Kerrigan took a sip of her coffee. “Let’s talk to her. See if she’s made any enemies recently. Arlo got the sense this was a cop problem, but when criminals start a war it’s not necessarily for a predictable reason.”

“But why go to war at all? Those weapons were only just discovered. I still don’t get why you’d draw this sort of attention.”

“I don’t have the reasons, Gav. I just have a new line for us to tug.”

As he followed his friend and colleague back down the hall, Gavin wondered about that. It was an awfully flimsy line, with very few facts attached to it. What if they tugged too hard and unraveled something far deeper than they ever expected?
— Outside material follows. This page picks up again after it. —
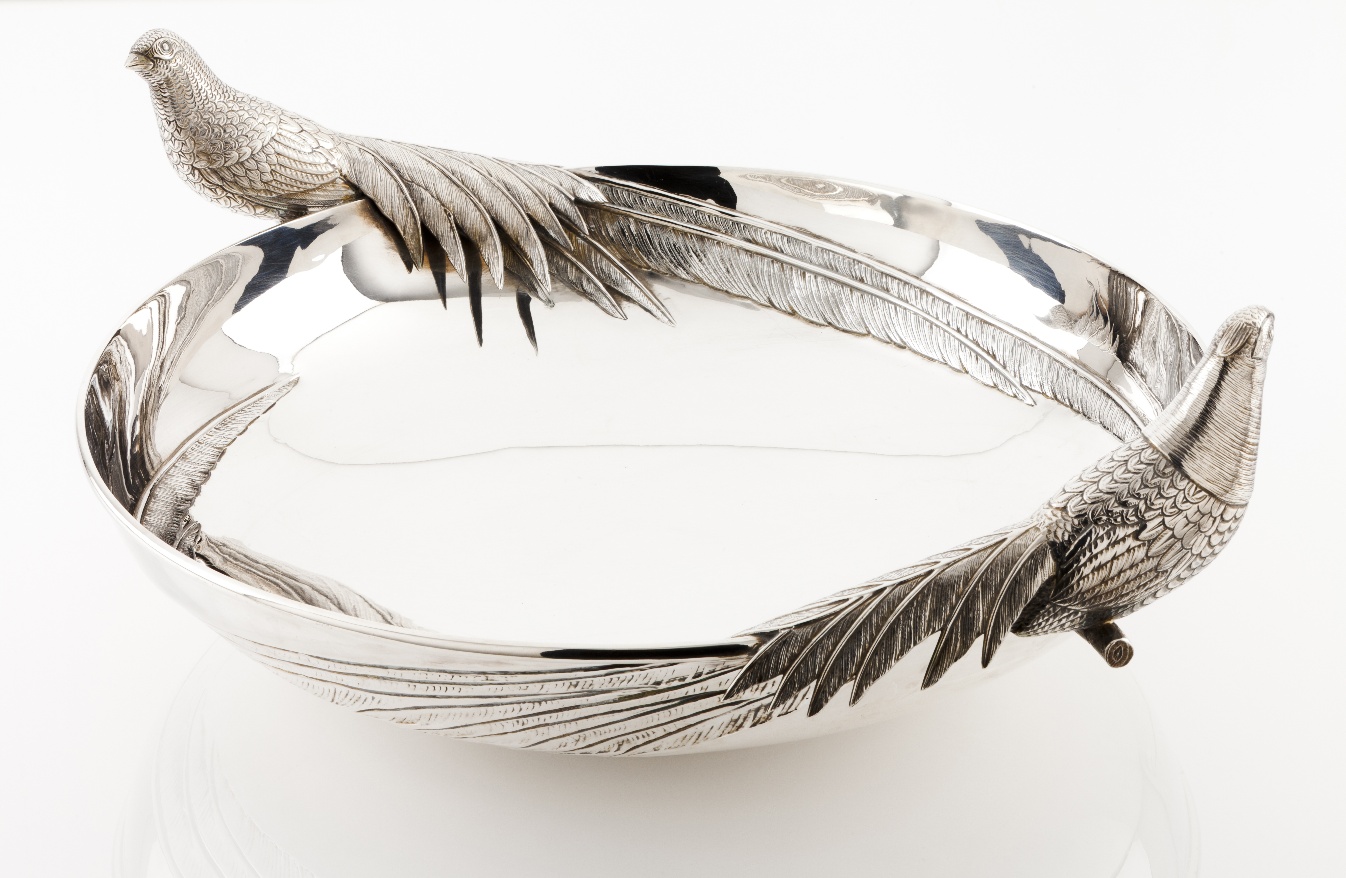 Decorado com casal de pavões em vulto perfeito assentes no bordo e cujas caudas se prolongam para o interior da taça em trabalho gravado e cinzelado

Yet as he thought about the deadly weapons laid out on the boat deck earlier, Gavin had to admit that they’d already started to tug that line. And maybe there was more in motion than any of them realized.

Sera had never considered herself someone comfortable with grief. She had her own, of course, but she kept it carefully buried. And she regularly came up against grieving families in her work. People decimated by the loss of their loved ones at the hands of another.

She’d found a way, through the years, to compartmentalize those tearstained, distressed faces. They were a part of her work, and that same work was what would give them some measure of closure. It didn’t bring their loved one back, but she remained hopeful they found peace in the fact that justice had been done for them.

But now? Watching the entire Houston family rally around Jayden as he waited for news of his husband? Sera understood something else.

Just how clearly grief was an expression of love.

With that sudden understanding so present in her mind, when Sera saw an empty seat beside Jayden’s mother, she moved over to offer whatever comfort she could.

“Mrs. Houston?”

The woman looked up, her expression still welcoming even in the midst of her sadness. “Sera, sweetie. Come take a seat.”

They’d been introduced earlier after Sera had been released from her hospital room, and the kind woman had peppered her with questions about how she was feeling and how the baby was.

Sera hadn’t even questioned how Mrs. Houston knew. She simply accepted that she did.

Weathered hands took her own, cradling them. Sera stared down to where they held on to each other, the seamless blend of youth and age wrapped together, and she wondered what it must be like to have such warmth and encouragement. Such care and love. Even before her mother’s fall into apathy and recreational drug use, she’d never been a warm woman. Her parenting style was tepid at best and flat-out cold much of the time. For as much as she hated the reason she’d been given a peek into the Houston family dynamics, clearly led by their matriarch, Sera was touched and awed by how present they were for each other.